The words "I can't do it let's just go home" came out of my mouth between contractions but it was those around me who encouraged me to keep going and I said a little prayer and I think I prayed in tongues too for extra measure. Something rose up in me and I resolved to push through (pun intended). I pushed through and very soon after baby was in my arms.
I have had some many dreams of being pregnant or birthing and as some of you know dreams about being pregnant or giving birth is about a new ministry or new thing that God is bringing into your life.
I asked God why I was feeling like quitting. Should I quit and if not what am I to do about this?
This is the answer I have been getting through the week and on Sunday at church through the messages that were shared at both our services.

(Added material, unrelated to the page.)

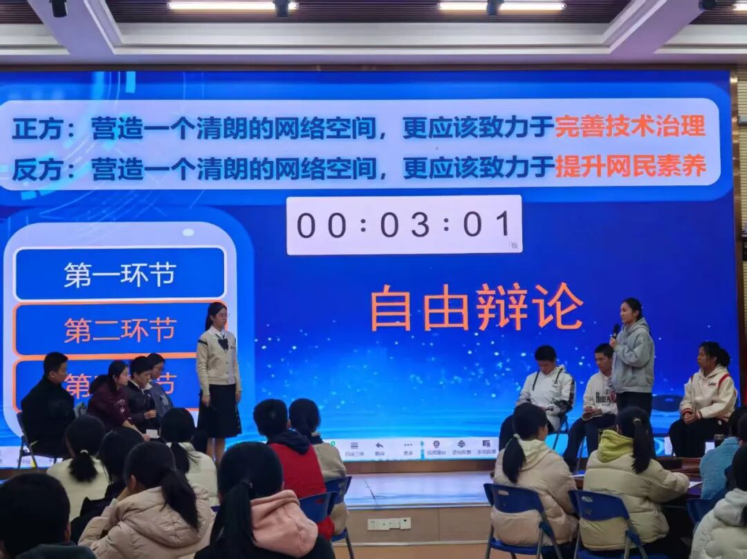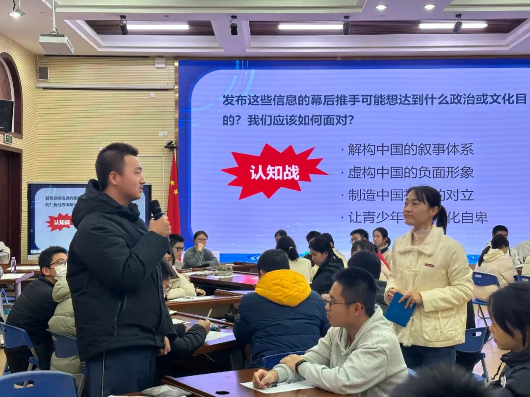 课堂上,李老师通过AI视频导入、学生短剧展演、案例工坊剖析、辩论赛思辨等多元环节层层推进,还引入“认知战”案例组织小组研讨,最后依托小组智慧共同构建“理智灯塔”模型。课程尾声,播放习近平总书记对网络安全与青年责任的寄语视频,将课堂立意从个人防护升维至国家网络主权捍卫,让网络安全的责任意识深深扎根在每位同学心中。

First question was why do I want to quit? The answer, because it is about comfort. I want to quit so that I can go back to being just stay at home mum and housewife when life was more comfortable than it is now. This is interesting because I really felt that why I was just a SAHM and Housewife that there was more to my life. Being a mum and a wife are very important but I felt God was saying I had a capacity for more.
Motherhood is great and so is being a wife. They have their challenges but I am now other things too. I have grown and been stretched. But now it is time for a new wine skin and to extend the tent pegs.
Labour is painful and it is at it's worst right before the baby is born. What I am saying is that if you feel like quitting maybe it is because you are tired and in pain and feel like you can't go on but that is because you are almost there. You may just be one last push away or one last step away from seeing the fruit of your labour.
We need to see beyond the here and now and see the more that God has for us.
So the answer to the next question "what am I to do?" I am not going to quit. I am actually quite excited to see what is around the next corner. I am going to press on a little bit longer until the anguish gives way to joy because of the new thing birthed in my life.